Николай Кириллович вспоминает, что, когда взрывали колокольню, она и точно поднялась в воздух и на секунду зависла в нем. Показалось, что полетит сейчас выше…
– К нему другие звонари приезжали, просили секретам обучить. Даже в двадцатые, когда на колокола уже гонение шло. Обучал, конечно. Но насчет секретов обычно смеялся. В смысле, что не имеет. Требовал, чтобы сперва выучивали наизусть «Непорочны» и читали их про себя, пока звонили.
– Что читали?
– «Непорочны», псалом сто восемнадцатый. «Блажени непорочнии в путь…» Самый длинный. «…ходящии в Законе Господни. Блажени испытающии…» А потом его убили.
– Кто?
– Дед Пихто. Слыхал о таком? Потребовали, чтоб колокола не звонили. «Служите пока, товарищи мракобесы, но без колоколов». Игумен, делать нечего, согласился. А Белый Звонарь – ни в какую. Игумен ему: подожди, может, еще разрешат со временем. А Белый Звонарь говорит: не разрешат, и еще хуже будет. Сейчас у нас, говорит, колокольный звон как защита. А без звона нас голыми руками возьмут. Игумен, рассказывают, на него тогда прикрикнул, на Звонаря. Что слишком о своем звоне высоко думает. Тот смирился, стал сюда ходить звонить, другие церкви уже закрыты были или под обновленцами. Отсюда его тоже прогнали, заставили прогнать, потому что народ его сюда стал ходить слушать. А тут как раз Пасха. А какая Пасха без звона? Он в монастыре у кого-то из отцов благословение взял – и на колокольню. И так зазвонил, старики до сих пор вспоминают. Под колокольней толпа сразу собралась, на Пасху и так народа много.
Николай Кириллович кивает, вспомнив свою последнюю Пасху в Питере, когда ему отдавили ногу.

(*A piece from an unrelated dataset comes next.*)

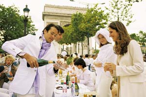 一年一度的香榭麗舍大街上的白色宴會甚具特色 新華社供圖

– Ну вот, – немного помолчав, продолжает отец Михаил. – Кто-то из толпы и выстрелил в него. Несколько раз.
– А нашли, кто стрелял?
– Какой там. Давка началась, ловят, кто стрелял, а тот уже скрылся. Побежали на колокольню, а там такая сцена… Этот, звонарь-то, уже лежит, отходит, а колокола сами собой звонят. Несколько человек это видело. И пока не дозвонили, сколько надо, не остановились, можешь не верить… Что сказать хотел?
– Ничего. Я, кажется, догадываюсь… Нет, ничего. А дальше что было?
– А что дальше бывает? Отпели и схоронили.
– Я все-таки…
– Какое-то время колокола иногда сами собой начинали звонить. Ну не сильно, а так, несколько раз ударит. Это тоже не нравилось, и колокола сбросили, только память одна осталась…
– Я все-таки попрошу колокол. Может, разрешат. Помолитесь, батюшка…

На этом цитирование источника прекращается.